TLDR: Cloudflare's 6-hour outage affecting ChatGPT, Claude, Spotify, Uber, and thousands of other sites was caused by a database permissions change that doubled a Bot Management configuration file size, exceeding hard-coded limits and crashing the proxy layer.

Summary:

Cloudflare's November outage is a textbook case of how seemingly innocuous infrastructure changes can cascade into catastrophic failures. A database permissions change in ClickHouse caused a query to return duplicate results, doubling a configuration file from 60 features to 120+. The Bot Management module had a hard limit of 200 features with preallocated memory for performance. When the file exceeded expectations, the code called unwrap() on a Result type in Rust, which panics on errors. No graceful degradation, no logging, just instant crash.

What makes this incident particularly instructive is the incident response timeline. It took 2.5 hours to identify that incorrect configuration files were the root cause, and another hour to stop propagation and deploy a fix. The total outage lasted 6 hours from start to full resolution. For a company with Cloudflare's engineering maturity, this seems unusually long. The explanation reveals a critical incident response lesson: unrelated failures can send you down the wrong investigative path.

When edge nodes started crashing, Cloudflare's status page went offline simultaneously. This was pure coincidence—the status page is hosted completely separately with no dependencies on Cloudflare's infrastructure. But in the heat of the moment, with edge nodes going down and the status page unreachable, the natural assumption was a coordinated DDoS attack. Cloudflare faces constant attacks, so this hypothesis was entirely reasonable. The team spent time gathering attack details, analyzing traffic patterns, looking for malicious signatures. There was no attack. The status page coincidence cost them hours of investigation time.

The database permissions change itself is a case study in implicit dependencies becoming explicit. Before the change, queries against system.columns only returned tables from the default database because that's all users could see. Cloudflare wanted to improve security by moving from shared system accounts to individual user accounts. Individual users already had access to the r0 database, so the team made that access explicit. Now the same query—unchanged—returned columns from both default and r0 databases. The query never filtered by database name because it assumed only one database would be visible. Classic broken assumption.

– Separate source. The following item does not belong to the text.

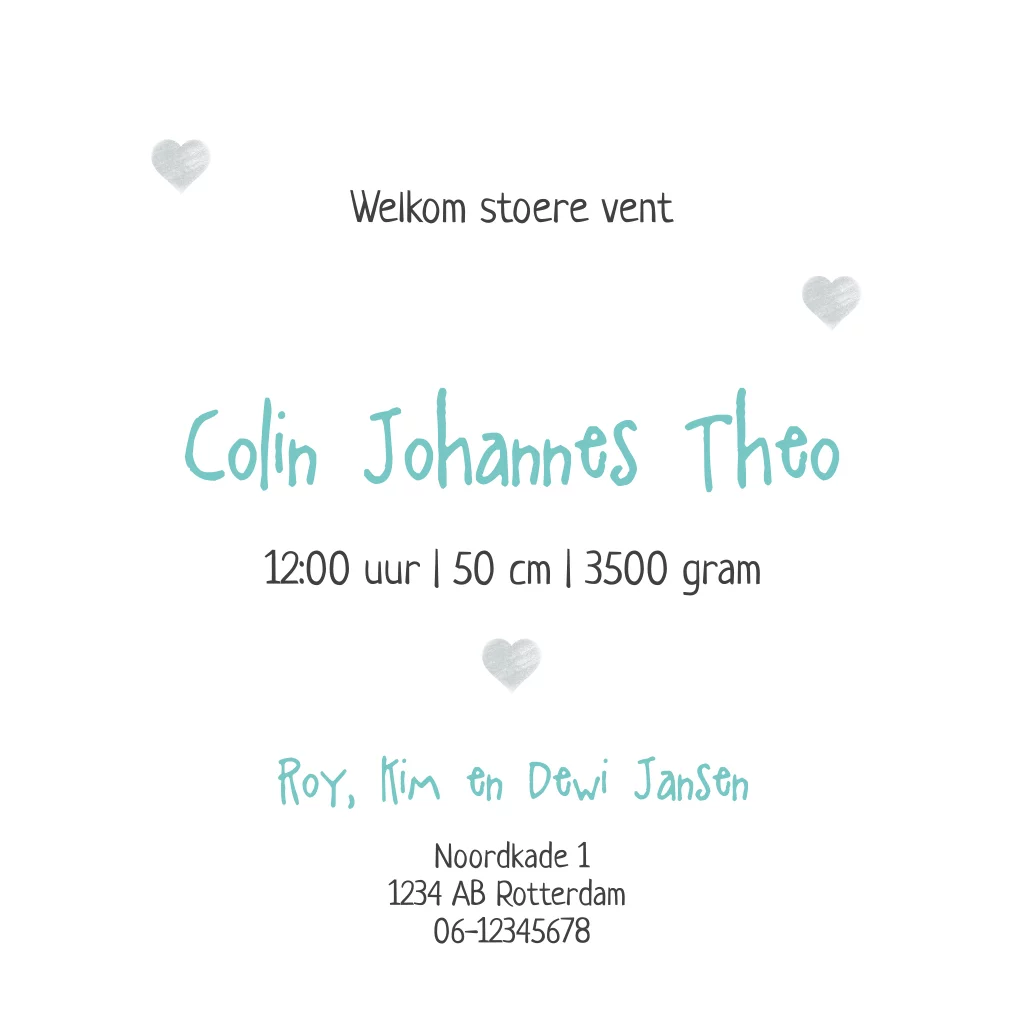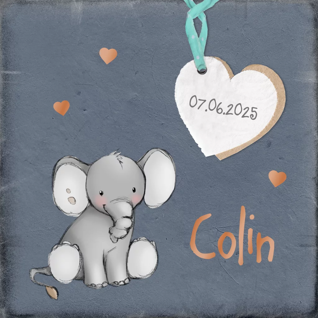 Stoer geboortekaartje met lief olifantje met hartjeslabel en hartjes in hoogglans. De naam van je jongen wordt ook in hoogglans gedrukt. Let op: Deze kaart heeft een langere verzendtijd: voor 18.00 uur besteld = de volgende werkdag gedrukt en verzonden.

What makes the failure mode particularly nasty is the gradual rollout. The configuration file was regenerated every 5 minutes by queries running across a ClickHouse cluster. As nodes were gradually updated with new permissions, some queries returned good data (60 features) and some returned bad data (120+ features). Edge servers receiving good files worked fine. Edge servers receiving bad files crashed. This created an oscillating failure pattern where the system would work, then fail, then work again. For incident responders, this behavior strongly suggests external attack or network instability, not internal configuration issues.

The code that panicked is instructive. The append_with_names() function likely checked for a 200-feature limit and returned an error when exceeded. But the calling code used unwrap(), which panics on errors. This pattern suggests the original developer never expected append_with_names() to fail. The 200-feature limit was so far above production usage (60 features) that failure seemed impossible. This is a common failure in error handling: treating "should never happen" scenarios as actual "can never happen" guarantees. In production systems at scale, everything that can happen eventually will.

What Cloudflare could have done differently: explicit error logging before panicking. If the line that returned an error also logged "Bot Management feature limit exceeded: got 120, max 200", the root cause would have been obvious in seconds. Instead, the team saw panics without context and had to work backward through the entire system to find the trigger. This is why defensive logging matters—not for the happy path, but for the moment when your assumptions break.

The global database change lesson is that there's no good way to test the impact of schema or permissions changes at scale. You can test queries in staging, but you can't test "what queries might this change affect that I don't know about?" The only way to discover that is production deployment, which is exactly what happened here. This doesn't mean you shouldn't make these changes—improving security by removing global system accounts is absolutely the right direction. It means you need circuit breakers, feature flags, and gradual rollouts with automatic rollback on error rate spikes.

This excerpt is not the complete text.